Lectures on Convex Geometry
Title | Lectures on Convex Geometry PDF eBook |
Author | Daniel Hug |
Publisher | Springer Nature |
Pages | 300 |
Release | 2020-08-27 |
Genre | Mathematics |
ISBN | 3030501809 |
This book provides a self-contained introduction to convex geometry in Euclidean space. After covering the basic concepts and results, it develops Brunn–Minkowski theory, with an exposition of mixed volumes, the Brunn–Minkowski inequality, and some of its consequences, including the isoperimetric inequality. Further central topics are then treated, such as surface area measures, projection functions, zonoids, and geometric valuations. Finally, an introduction to integral-geometric formulas in Euclidean space is provided. The numerous exercises and the supplementary material at the end of each section form an essential part of the book. Convexity is an elementary and natural concept. It plays a key role in many mathematical fields, including functional analysis, optimization, probability theory, and stochastic geometry. Paving the way to the more advanced and specialized literature, the material will be accessible to students in the third year and can be covered in one semester.
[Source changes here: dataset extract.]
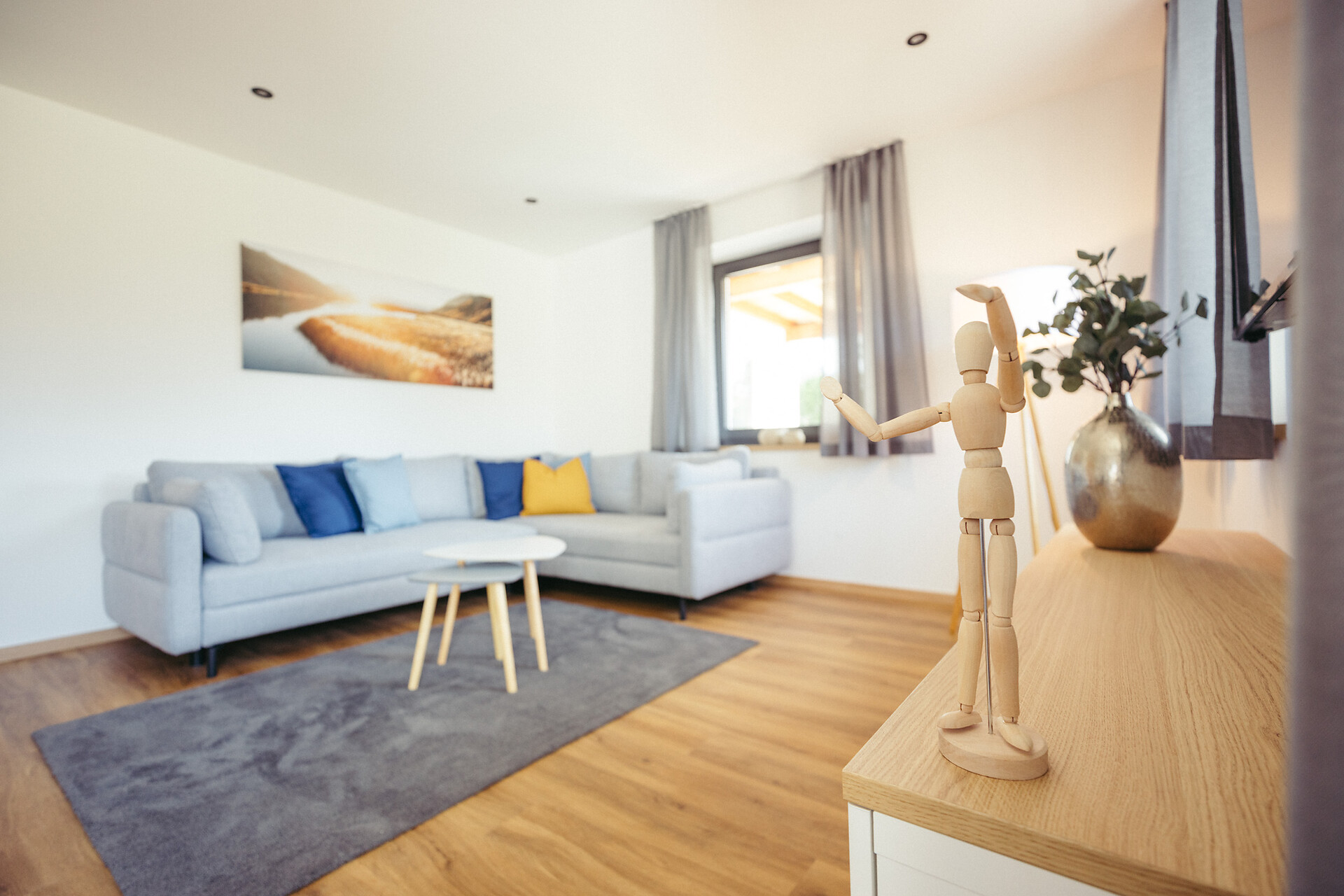 Appartamento nuovo con vista da sogno, in posizione tranquilla ma centrale. 95m² suddivisi in ampio soggiorno con cucina, 2 camere da letto separate, divano letto nel soggiorno, bagno e WC diurno separato. Terrazza e giardino. Posto auto di proprietà.

Polytopes - Combinations and Computation
Title | Polytopes - Combinations and Computation PDF eBook |
Author | Gil Kalai |
Publisher | Springer Science & Business Media |
Pages | 236 |
Release | 2000-08-01 |
Genre | Mathematics |
ISBN | 9783764363512 |
Questions that arose from linear programming and combinatorial optimization have been a driving force for modern polytope theory, such as the diameter questions motivated by the desire to understand the complexity of the simplex algorithm, or the need to study facets for use in cutting plane procedures. In addition, algorithms now provide the means to computationally study polytopes, to compute their parameters such as flag vectors, graphs and volumes, and to construct examples of large complexity. The papers of this volume thus display a wide panorama of connections of polytope theory with other fields. Areas such as discrete and computational geometry, linear and combinatorial optimization, and scientific computing have contributed a combination of questions, ideas, results, algorithms and, finally, computer programs.